HollywoodChicago.com Video Game Rating: 4.5/5.0
Video Game Rating: 4.5/5.0

Designed as an action RPG in a medieval setting, “Dark Souls” starts off with a brief history of the world into which you have fallen; a world previously at war between four deities and massive dragons, with the deities overpowering their fire-breathing opponents. The provided story is neither long nor all that important. It is a brief background that loosely ties your goal to the overall game. The real focus is the incredible difficulty and the unrelenting desire to defeat opponents that will defeat you so many times.

Dark Souls
Dark Souls
Photo credit: Namco Bandai

Your quest begins by deciding between ten classes based on gaming standards (knight, mage, archer, etc.) as well as some fusions of those classics (pyromancer is a fire based warrior/magician and depraved starts you off with no form of armor). The decision you make in your class does have some say in the abilities you begin with, but your decision is not the end-all, be-all. As you upgrade throughout the game by collecting souls of your fallen opponents, you can dictate what stats you wish to increase; a mage could add to their physical stamina, or a fighter increase their spell slots. In other words, your decision two minutes into the start of the game will not limit you to the way your personal quest plays out.

Dark Souls
Dark Souls
Photo credit: Namco Bandai

There is a good deal of character customization at the beginning of the game, such as body build, face, hair, etc. The option for the character customization is a nice touch with various options to choose from, but some of the choices don’t really matter. While you play the game, you watch from a third person point of view a majority of the time and you wear a helmet for added defense; therefore, choices such as your hair’s color or style end up not mattering too much.
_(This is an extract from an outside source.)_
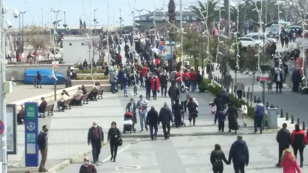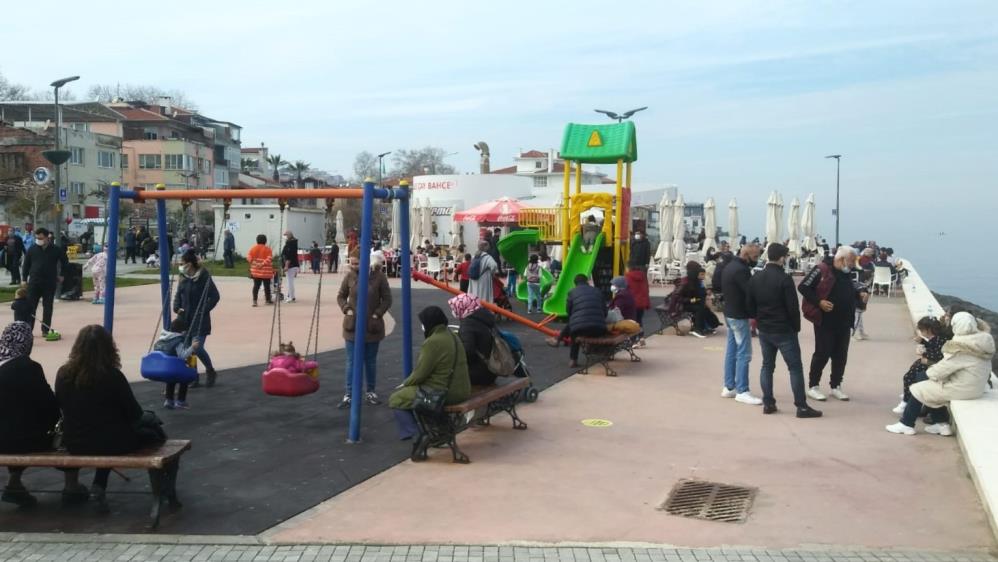 Bursa’nın sahil ilçelerinden biri olan Mudanya’da vakit geçiren vatandaşlar, genel olarak sosyal mesafe ve maske kurallarına riayet ettiği gözlendi.

The game world is beautiful, although sometimes dark. The landscapes and battle areas are widespread, but play route is generally dictated by enemy difficulty and player ability. The structures of the game generally repeat themselves in look (castles, towers, etc.), but never become repetitive or obnoxious. The map and route is very strategic, laid out to get you caught in corners, surprise you with attacks, and to guarantee you won’t just whip through a particular area with ease.

While there are large bosses found often in this game, each enemy you find on your quest has every capability to kill you in five-seconds time. The design is that you must slowly work through the area with great patience, both by fighting one opponent at a time and by carefully choosing attacks. Your stamina bar will drain throughout battles, causing your character to stand defenseless, so you can’t just hack and slash through enemies.

Dark Souls
Dark Souls
Photo credit: Namco Bandai

If you die, you have to work slowly to get back to where you were, as the enemies you have already killed respawn upon death. It is a true testament to classic games, with a composition that forces a struggle before success. This will inevitably bring constant failure to the player, but also will allow extreme relief and excitement when a major battle is won.

The controls for the game start off seemingly simple, but they turn out to be quite complex. The left triggers work as your shield maneuvers, while the right triggers work as the attacks. This is extremely awkward and difficult to get used to and, coupled with the design of the game, a major flaw. The lack of instruction in understanding how to go about the controls and strategically fighting is bewildering. As the game begins and you fight unarmed enemies in a dungeon, occasional help messages tell you how to use the shield or swing your weapon, but there is no rhyme or reason to any of it. The entire beginning of the game is a frustrating trial by error where players must figure out how to target enemies, defend attacks, and cause damage to their opponent. With a bit more instruction, the game would start much smoother and be much more enjoyable to get into. After a while, the buttons make sense, but the initial learning process is sure to throw a few death tallies on your name and may have players returning the game right away.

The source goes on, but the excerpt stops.